И Ульян пошел. Кричит мне вдогонку:
— Я тебе завтра утром рыбки достану, принесу-у-у.
— Ладно… — кричу я ему, — приноси-и-и…
* * *
Хорошо, когда есть дом, приятели. Когда в природе так уныло, в душу входит неразгаданная печаль. Радостно войти к себе в теплый дом, собака тоже рада, бросилась — виляет хвостом, ласкаясь к гостям. А приятели сидят за столом, горит лампа, теплится камин, самовар на столе.
— Где ты пропал? — говорят. — Ну и дорога, ехали! Нас на Некрасихе под горку вывалило. Вот об сучок я себе руку содрал. Видишь, распухла, — показывает мне руку Юрий Сергеевич.
— До свадьбы заживет, — смеется доктор Иван Иванович.
— Ты не доктор, а енот, — сердится Юрий Сергеевич. — Говорю ему — посмотри руку, поищи лекарства — у него, вон, в шкапу. Я ведь пианист, понимаешь, рука… Видишь, ободрано, и кругом красное… А он никакого внимания…
— Ничего нет… — говорит лениво Иван Иванович. — Ну, ободрал, царапинка, кожу ободрал, только и всего…

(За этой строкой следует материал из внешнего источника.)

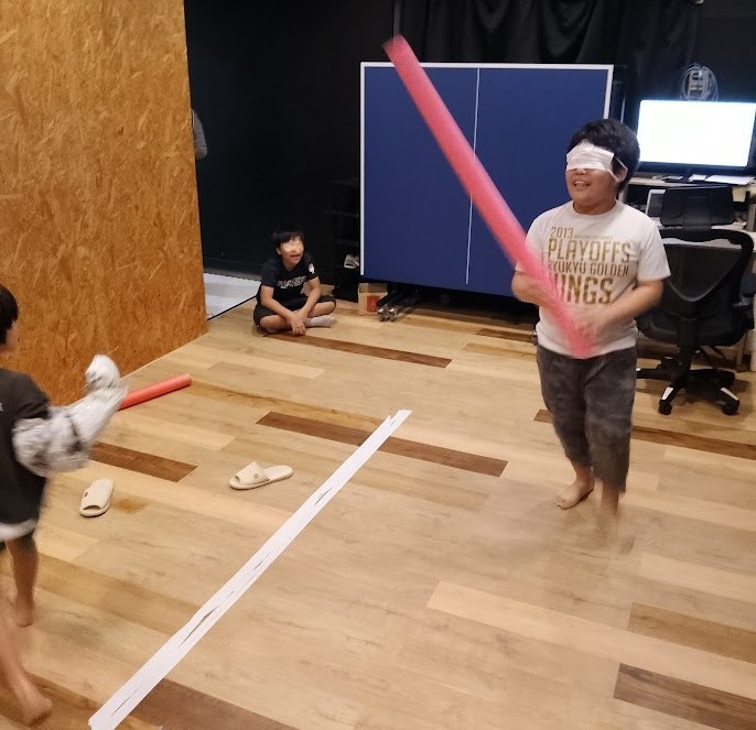 お次は めかくしオニ~👹 最初は SKさんが 鬼でスタート! 気配や足音、息遣いで
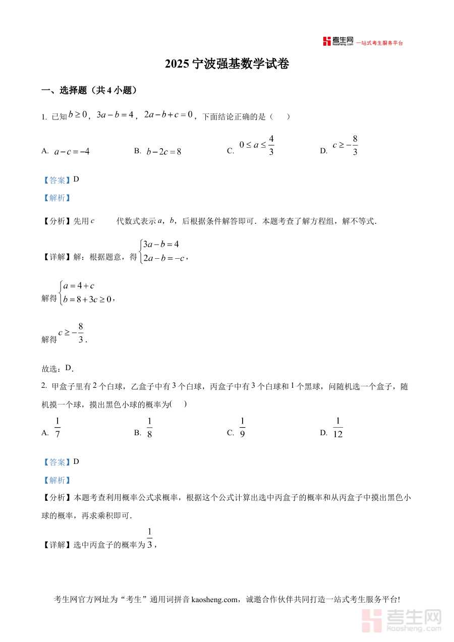 《精品解析:2025年浙江省宁波市九年级下学期强基计划数学测试试卷(解析版)》是面向2025年浙江省宁波市九年级下学期学生的强基计划数学专项备考资料,精准对接当地强基计划选拔的数学测试需求,整合了符合该阶段学生学习进度与强基计划考查方向的测试内容及配套解析资源,为使用者提供贴合本地选拔标准的备考支持。
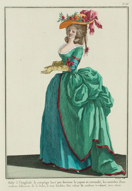 Robe à l’Anglaise, the bodice laced in the back, the skirt is tucked up,* the sleeves of a color different from that of the Gown, the whole edged with a very narrow ribbon of any desired color. (1784)
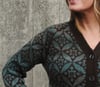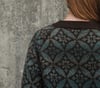 Cathedral is an all-over colourwork cardigan or V-neck sweater, featuring a stranded colourwork pattern inspired by the stained-glass windows of cathedrals.
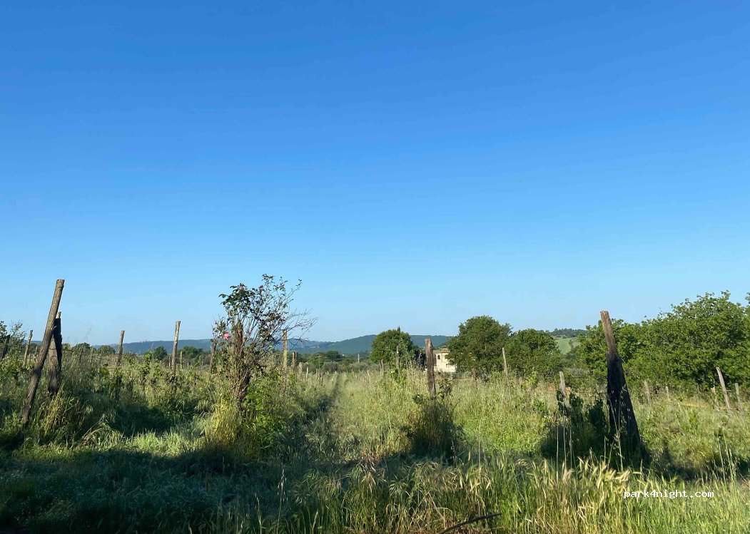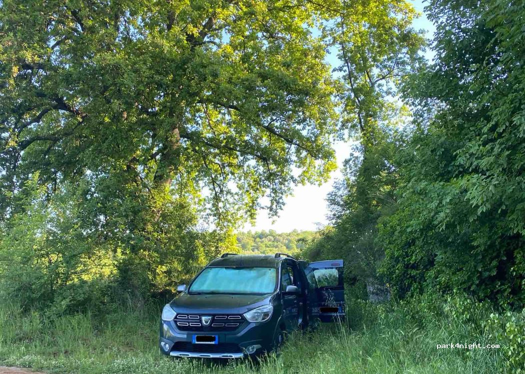 Small clearing between fields, very quiet place with trees that provide shade and beautiful view of the surrounding hills. Difficult road to get there, not suitable for campers or large vans.
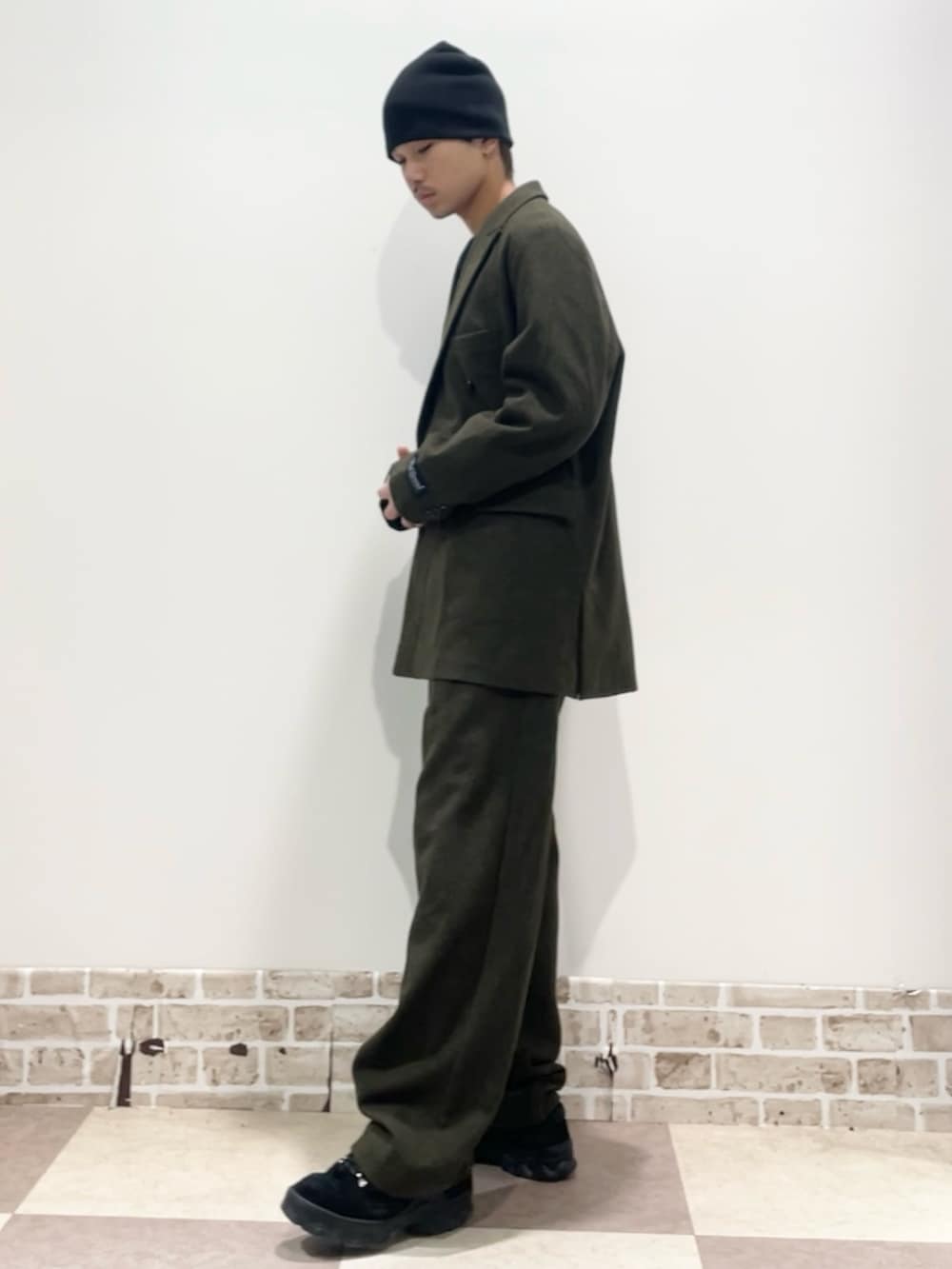 ダブルジャケットのセットアップコーデになります。

— А красное кругом — почему? — спрашивает Юрий.
— Красное хорошо. Если б синее было, тогда бы другое дело.
— А что, если б синее?
— Ну, тогда — гангрена.
— Недурно. Это, значит, антонов огонь?
— Да, антонов огонь.
— Так предупреди же! — волнуется Юрий Сергеевич.
— Предупредить невозможно.
— То есть как же это?..
— Ну скажи, не скотина ли Ванька, а? Доктор! Нет, правда, может начаться антонов огонь?..
— Если у тебя есть сахар, диабет, — я ведь не знаю, — то может быть антонов огонь.
И Юрий Сергеевич, налив в чай коньяк, посмотрел в мою комнату, где я снимал охотничьи сапоги.
— Нет, ты слышишь, что он говорит?
— Слышу, Юрий, слышу, — отвечал я из соседней комнаты. — Диабет — это не шутки.
— И я говорю. А ему хоть бы что. Хорош клинический врач!
Выйдя к приятелям, я старался помирить их.
— Пустяки, — говорю, — лицо у тебя, Юрочка, круглое, веселое. Живот, действительно, велик… Я, конечно, не знаю, но у кого сахар — диабет, те всегда раздраженные, нервные, ты же человек жизнерадостный, веселый.